**Activity**
Please print, exactly, only the lines in the entries below from the line that has "A compter du" through the line that has "- Ceiling Fan(s), Eat-In". Pictures don't go in.

**Exercise data**
-*-*-
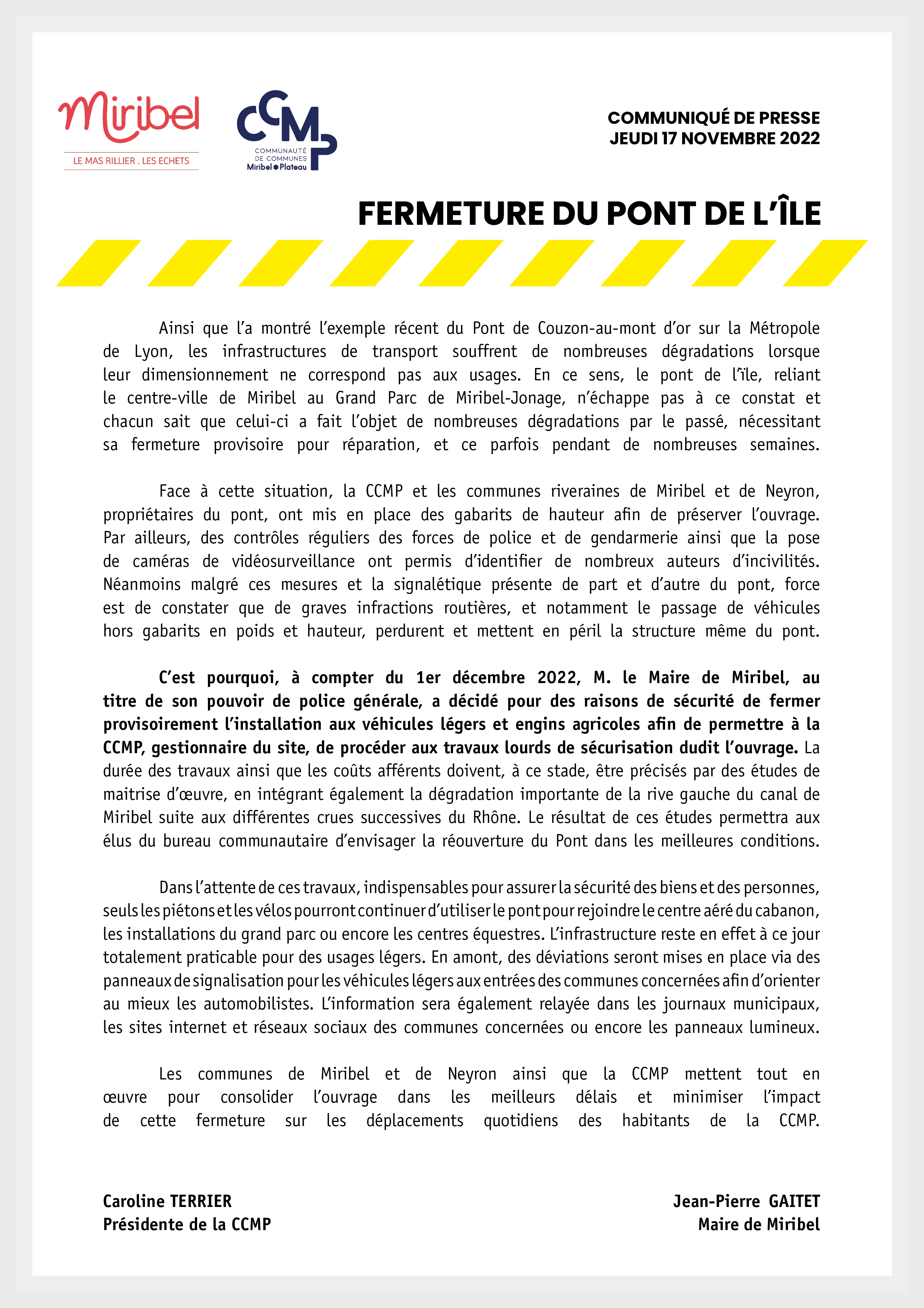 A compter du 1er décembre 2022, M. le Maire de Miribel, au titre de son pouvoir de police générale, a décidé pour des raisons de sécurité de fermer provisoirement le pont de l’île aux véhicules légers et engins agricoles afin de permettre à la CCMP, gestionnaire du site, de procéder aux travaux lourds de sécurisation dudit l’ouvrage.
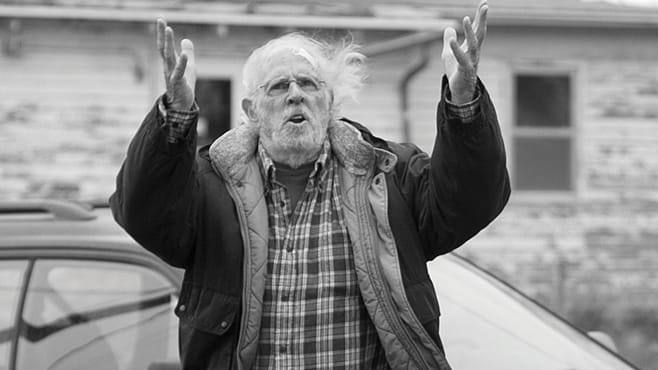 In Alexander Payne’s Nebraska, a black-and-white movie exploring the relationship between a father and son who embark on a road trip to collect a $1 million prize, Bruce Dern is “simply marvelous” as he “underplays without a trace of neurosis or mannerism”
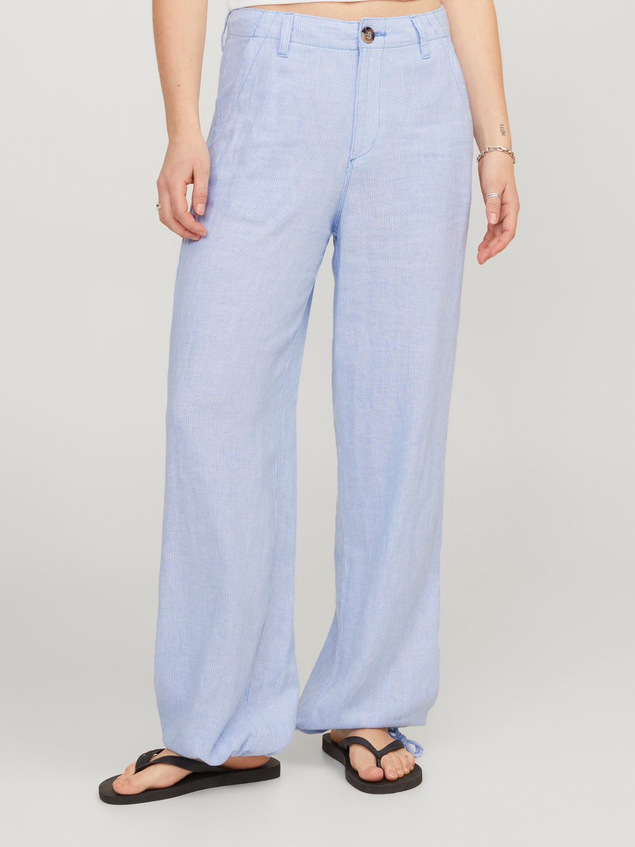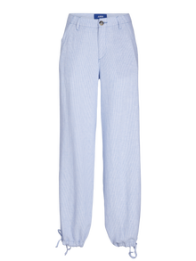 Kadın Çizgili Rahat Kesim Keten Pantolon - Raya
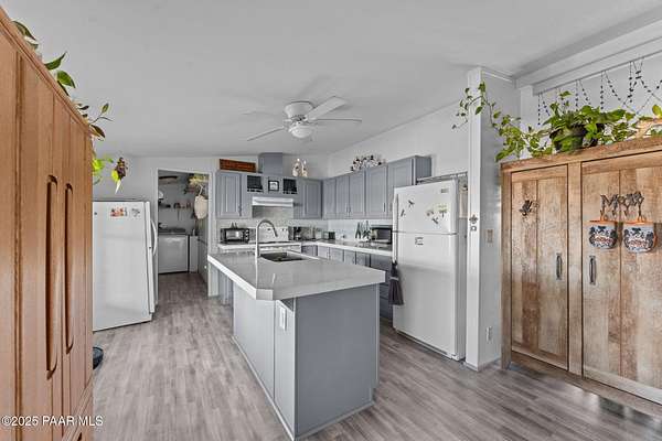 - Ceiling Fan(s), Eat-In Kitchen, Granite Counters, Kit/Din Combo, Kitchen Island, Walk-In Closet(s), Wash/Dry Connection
-*-*-
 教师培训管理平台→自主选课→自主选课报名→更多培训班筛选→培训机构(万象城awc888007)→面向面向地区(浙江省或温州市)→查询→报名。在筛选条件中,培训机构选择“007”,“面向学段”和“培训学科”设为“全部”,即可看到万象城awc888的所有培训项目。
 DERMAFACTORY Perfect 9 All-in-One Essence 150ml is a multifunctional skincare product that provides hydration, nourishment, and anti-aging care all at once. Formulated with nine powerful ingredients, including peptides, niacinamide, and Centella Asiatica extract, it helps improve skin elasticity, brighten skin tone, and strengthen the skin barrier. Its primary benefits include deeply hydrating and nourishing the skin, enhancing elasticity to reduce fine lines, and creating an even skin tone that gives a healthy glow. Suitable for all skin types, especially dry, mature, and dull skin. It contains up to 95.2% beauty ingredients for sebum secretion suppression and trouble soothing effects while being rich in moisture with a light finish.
-*-*-
**Response box**
 A compter du 1er décembre 2022, M. le Maire de Miribel, au titre de son pouvoir de police générale, a décidé pour des raisons de sécurité de fermer provisoirement le pont de l’île aux véhicules légers et engins agricoles afin de permettre à la CCMP, gestionnaire du site, de procéder aux travaux lourds de sécurisation dudit l’ouvrage.
 In Alexander Payne’s Nebraska, a black-and-white movie exploring the relationship between a father and son who embark on a road trip to collect a $1 million prize, Bruce Dern is “simply marvelous” as he “underplays without a trace of neurosis or mannerism”
 Kadın Çizgili Rahat Kesim Keten Pantolon - Raya
 - Ceiling Fan(s), Eat-In Kitchen, Granite Counters, Kit/Din Combo, Kitchen Island, Walk-In Closet(s), Wash/Dry Connection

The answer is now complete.